We model DLRM execution on 128 node system and compare the execution time of one training pass with and without using our fused *embedding* + *All-to-All* operator. Evaluations with fused kernel should be faster than the baseline for all input sizes specified in Section 4.

Expected Reproduction Time (in Minutes)

**Setup**: AstraSim installation should take less than 10 minutes.

**Execution**: The expected execution time for this artifact is under 30 minutes per configuration on AMD EPYC<sup>TM</sup> 7282 CPU.

Artifact Setup (incl. Inputs)

*Hardware:* Any x86 CPU should be able to run AstraSim simulator, we ran the simulations on AMD EPYC $^{\text{TM}}$  7282 CPU.

Software: We used AstraSim 2.0 for simulating and evaluating DLRM.

Datasets / Inputs: The inputs to the simulator are CHAKRA traces generated using the trace generator available as part of CHAKRA (https://github.com/mlcommons/chakra). The model parameters used are listed in Table 2, Section 4 in the paper. The per-kernel execution times used in the traces were collected on an AMD Instinct<sup>TM</sup> MI210 GPU using ROC-profiler.

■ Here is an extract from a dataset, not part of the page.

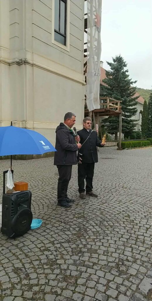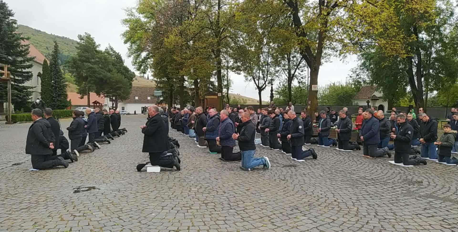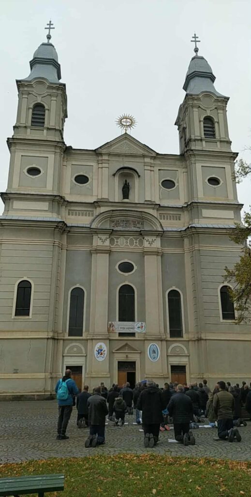 A kegytemplom előtt térdelve, a Szűzanyához fohászkodókhoz ezúttal csatlakoztak az éppen a Jakab Antal Tanulmányi Házban tartott Mária-út Konferencia résztvevői is. Péterfi Attila elmondta, kezdetben tizenkét közösség tagjai vállalták, hogy havonta egyszer vezetik az imát, ám azóta tizennégyre bővült a lelkes férfiközösségek száma. Az is öröm számukra, hogy minden korosztály tagjai jelen vannak.

Installation and Deployment: AstraSim can be installed using the instructions here: https://github.com/astra-sim/astra-sim. The execution traces (.et files) which are passed as input to AstraSim simulator can be generated using et\_generator.py generator script in CHAKRA. The generator script is modified to generate the baseline DLRM model (parameters in Table 2, Section 4 of the paper) annotated with profiled compute kernel execution times. We also generate execution traces corresponding to DLRM model with fused embedding + All-to-All operators by overlapping embedding bag pooling computation with All-to-All collective.

### Artifact Execution

The work flow consists of 3 steps: 1) Generate the execution trace files for DLRM corresponding to the individual configurations (batch size, number of embedding tables) 2) Simulate the baseline and fused operator variant with the appropriate trace inputs, and 3) record the execution time for individual phases of DLRM execution from the output log file and plot the graphs.

The parameters for DLRM model are obtained from prior research work [47] and are listed in Table 2 in section 4 of the paper. Simulator is deterministic so executing once is sufficient.

Artifact Analysis (incl. Outputs)

The output of the simulation is an output log file containing simulated execution times. The simulated times are recorded, normalized and plotted.

### **Artifact Evaluation (AE)**

Not provided for Artifact Description deadline.